Abu Dhabi DOH vs. Dubai DHA: The 2026 Formulary Submission Guide for the UAE
The UAE is the second-largest pharmaceutical market in the GCC, characterized by rapid adoption of innovative therapies and a sophisticated regulatory environment. However, access is deeply bifurcated between the two major emirates.
1. The Core Infrastructure
Before submission, commercial teams must understand the foundational architecture of both emirates.
Abu Dhabi: Department of Health (DOH)
Highly structured and consolidated. The public network is SEHA (PureHealth), and Malaffi serves as the unified health information exchange.
Dubai: Dubai Health Authority (DHA)
Fragmented and overwhelmingly private-sector driven. Governed by DHA and MOHAP, with the ISAHD insurance framework mandating coverage for all residents.
2. Formulary Submission & Evaluation Criteria
The strategic approach differs fundamentally based on the target emirate.
Winning in Abu Dhabi (DOH & SEHA)
- Health Technology Assessment (HTA): Rigorous pharmacoeconomic modeling is mandatory. Localization of data to show Abu Dhabi-specific cost-offsets is critical.
- Localization Advantage: Price preference and expedited registration for companies localizing manufacturing.
Winning in Dubai (DHA & Private Payers)
- Fragmented Payer Negotiations: Securing reimbursement requires negotiating with dozens of private insurers and TPAs.
- Physician Pull-Through: In Dubai, top specialists at private hospitals drive market access by pushing TPAs for coverage of innovative therapies.
3. The Price-Referencing Challenge
Both emirates use International Reference Pricing (IRP).
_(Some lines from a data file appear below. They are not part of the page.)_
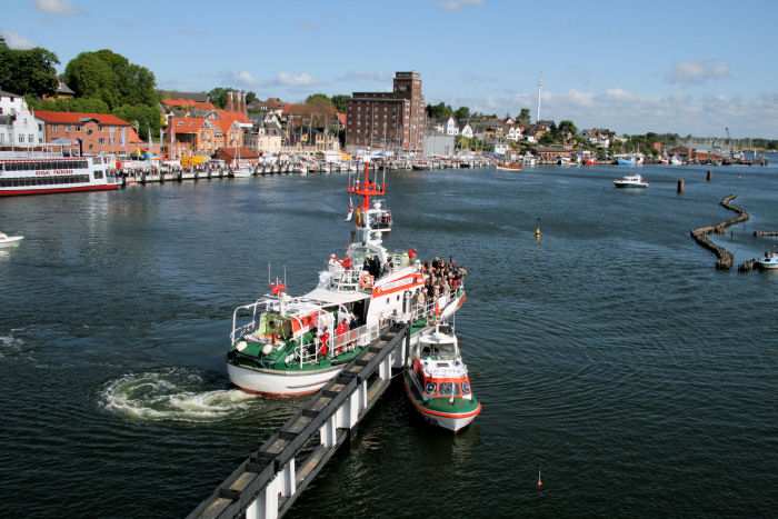 | 17.05.2007 - 10:23 Uhr - Kappeln/Schlei: Heringstage 2007 Heringswette Die HANNES GLOGNER hat mit den Wettgästen an Bord abgelegt. Foto: Eckhard Schmidt - Kappeln - (C) 2007 |
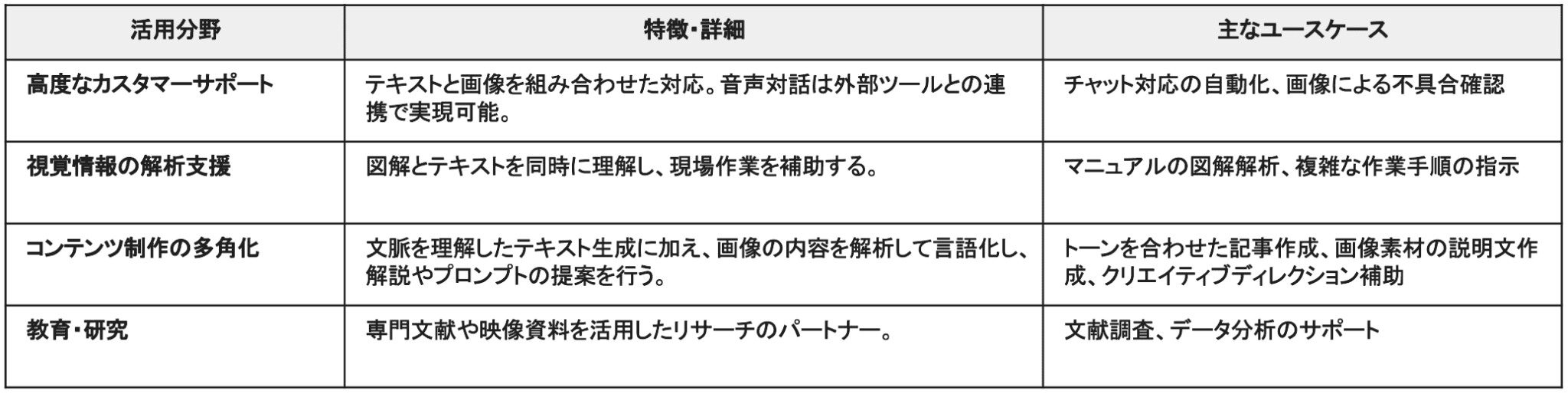 なお、音声対話や動画解析については、外部の音声認識ツールやフレーム抽出技術と組み合わせることで実現可能です。
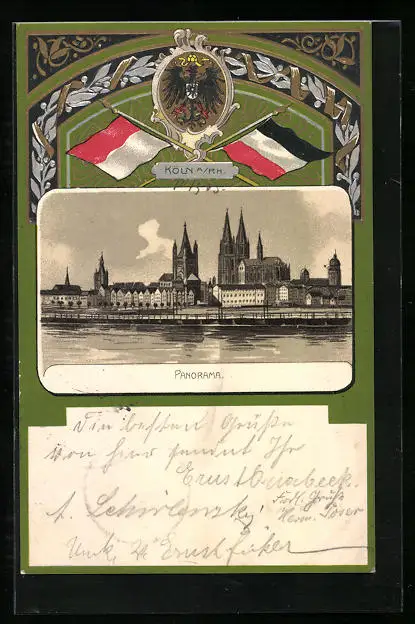 Passepartout-Lithographie Köln a. Rh., Panorama, Wappen
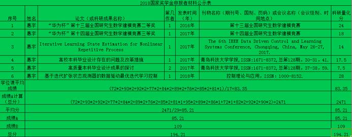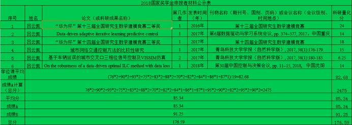 拟推荐2018年国家奖学金同学的排序及材料公示如下:
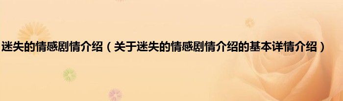 本文关于迷失的情感剧情介绍的基本详情介绍就讲解完毕,希望对大家有所帮助。
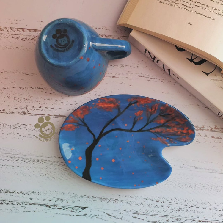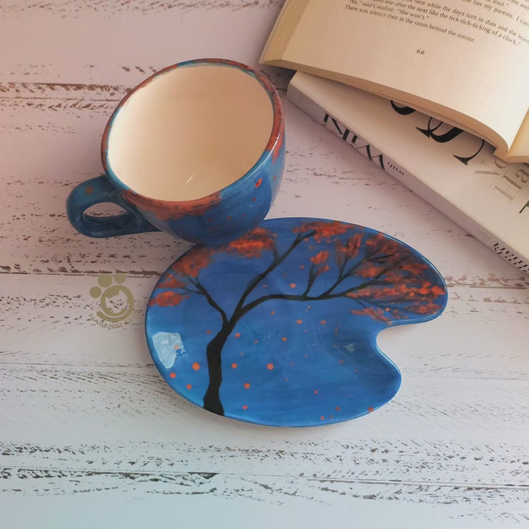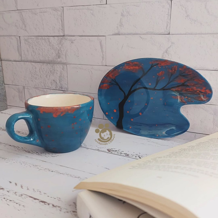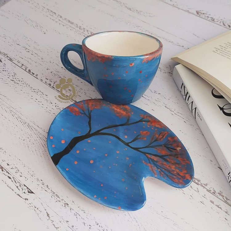 ست اسپرسو خوری سرامیکی دست ساز طرح شکوفه گیلاس
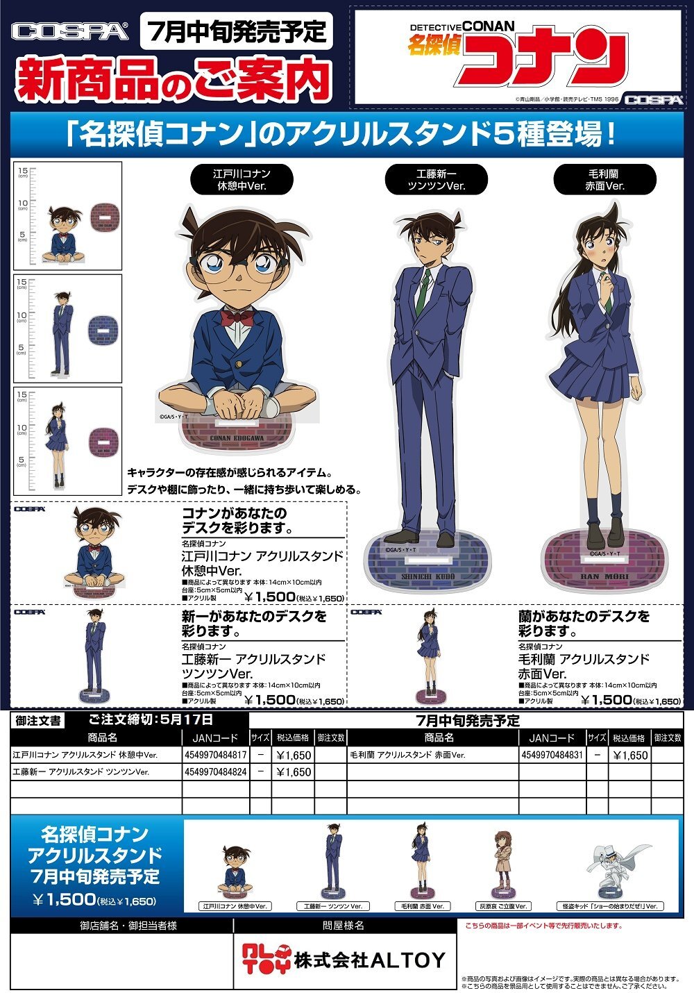 名探偵コナン アクリルスタンド『江戸川コナン 休憩中Ver.』『工藤新一 ツンツンVer.』『毛利蘭 赤面Ver.』【2026年7月中旬発売】[4549970484817]
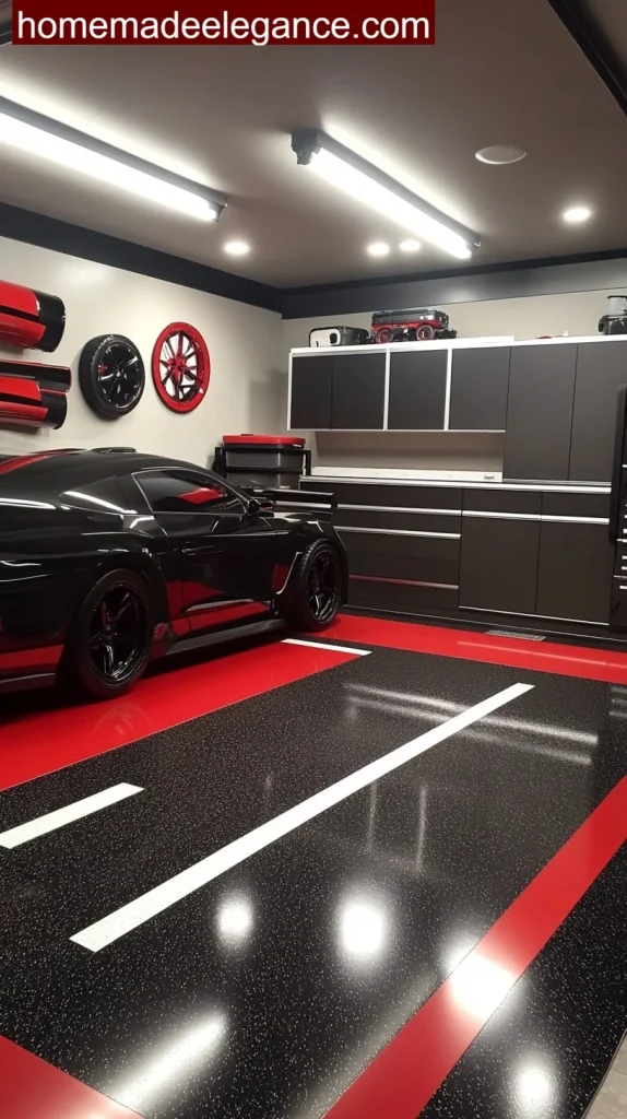 Custom flooring options like epoxy coatings or rubber tiles are both durable and stylish. These options are perfect for high-traffic areas like garages, providing a clean, smooth surface that’s easy to maintain while offering a sleek, modern look.
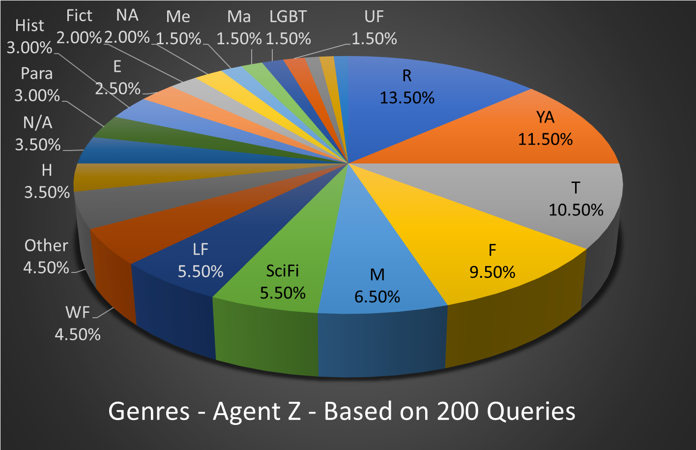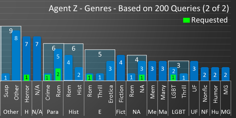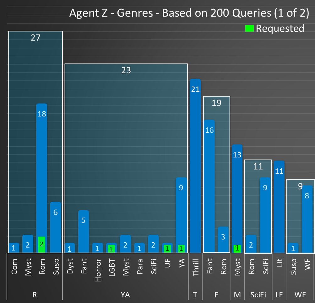 Most queries sent to agent Z were in Romance, Young Adult, Thriller and Fantasy, but not by much. His queries were all over the place. He seems to have a preference for Paranormal since 50% of all Paranormal submissions were requested.
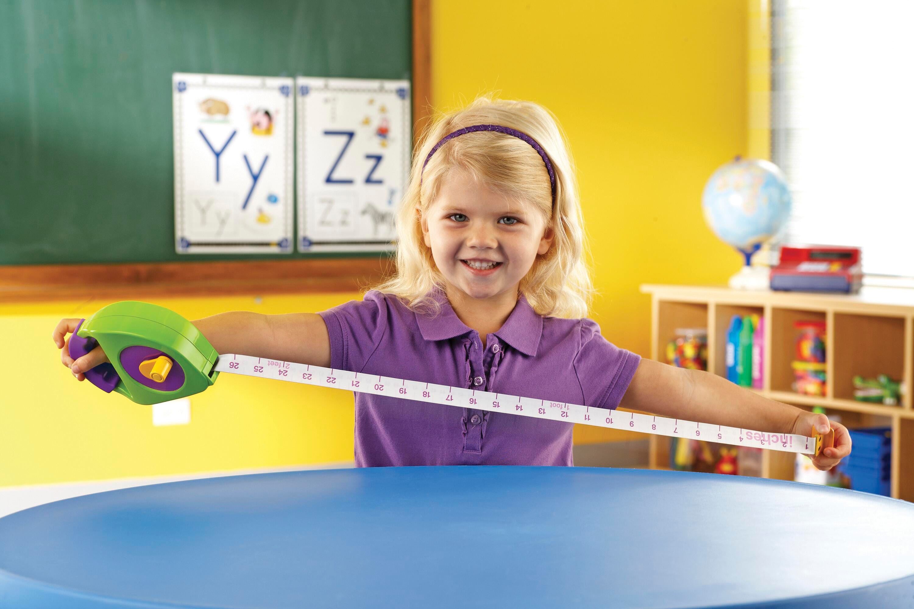 - Four-feet long children-friendly tape measure provides a safe, easy, fun measurement tool for early childhood classrooms, childcare centers, and home
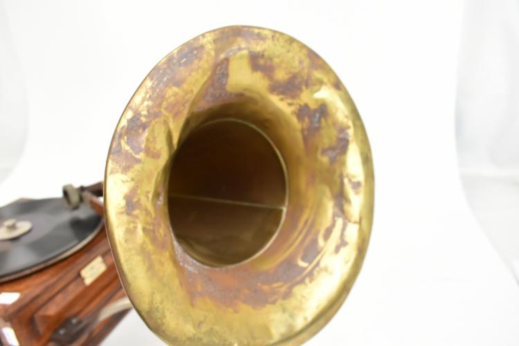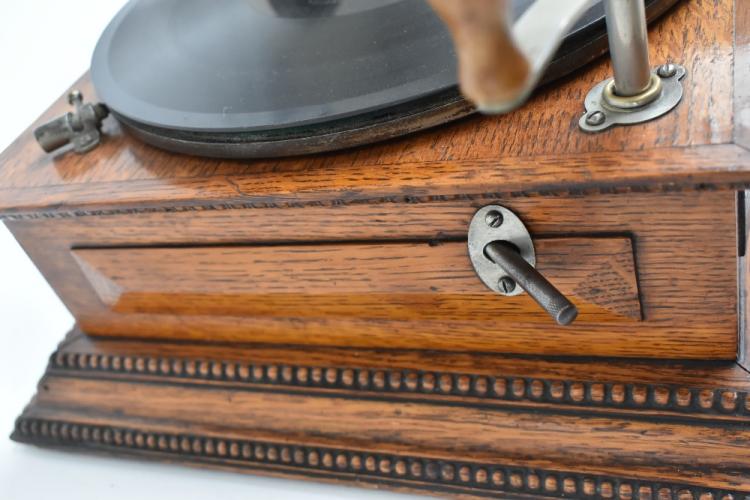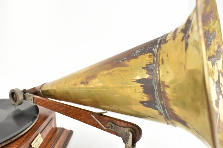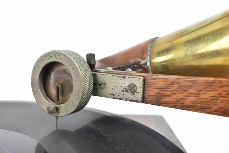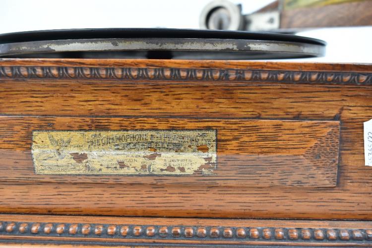 Lot 374 of 2475: GRAMOPHONE & TYPEWRITER LTD; a New Style No.4 top wind horn gramophone, circa 1904, in panelled oak case with original applied gilt label for The Gramophone & Typewriter Ltd Company, the concert soundbox stamped 'Gramophone & Typewriter Ltd London - Berlin - Paris', with later applied dealer's plaque for J. Gibson & Co Grimsby, with associated clear glass case. Provenance: The Norman Roland Collection of Mechanical Music.
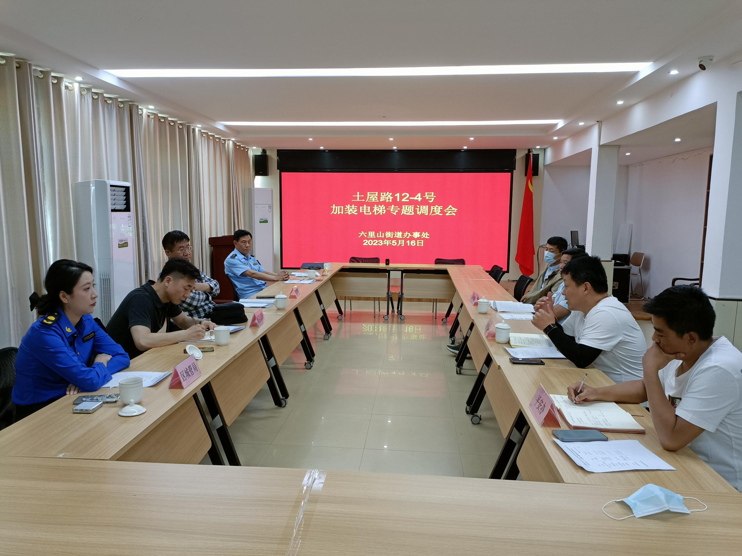 2023年5月16日下午,区局特设科在六里山街道办事处参加既有住宅加装电梯专题协调会,多部门共同协商解决土屋路12-4号小区加装电梯存在的问题,保障安全底线。
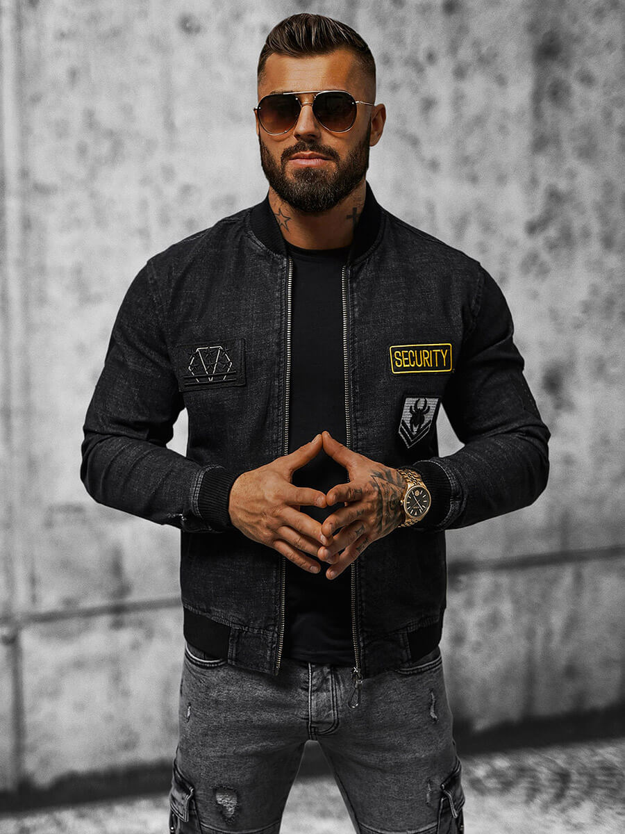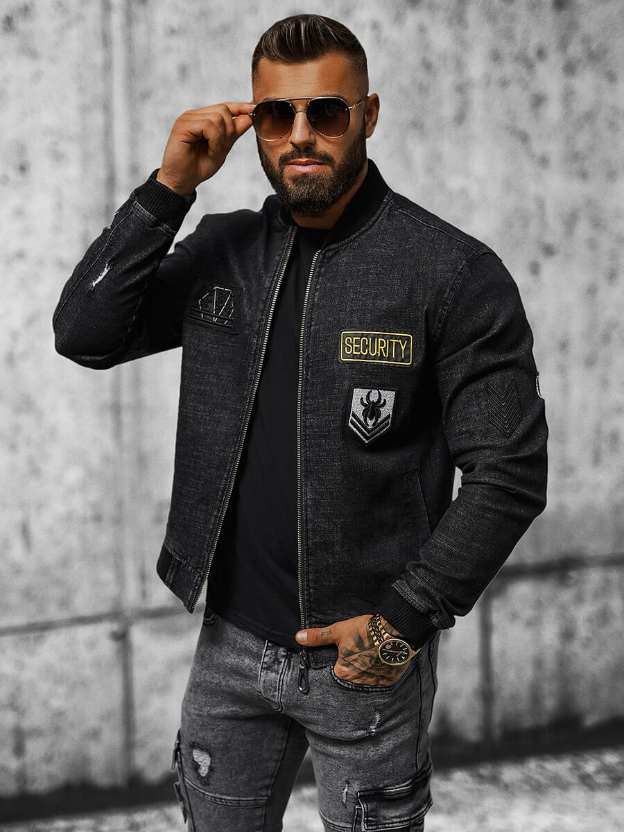 Kurtka męska jeansowa czarna OZONEE NB/MJ509NZ
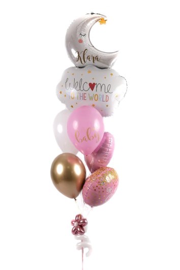 Dekoracija sadrži 6 balona: jedan u obliku oblaka i mjeseca s personaliziranom naljepnicom (veličina balona oko 80 cm), 3 latex balona (iznutra premazani impregnacijskim gelom, kako bi duže letjeli) i 2 folija balona veličine oko 45 cm.

A high-priced entry in Dubai that fails Abu Dhabi's strict HTA thresholds can lead to a national price cut that ripples across the entire GCC.
4. Key Takeaways for 2026 Brand Planning
1. Divide commercial operations distinctly between DOH and DHA. 2. Prioritize HEOR evidence for Abu Dhabi. 3. Prioritize KOL and brand-awareness for Dubai's private sector.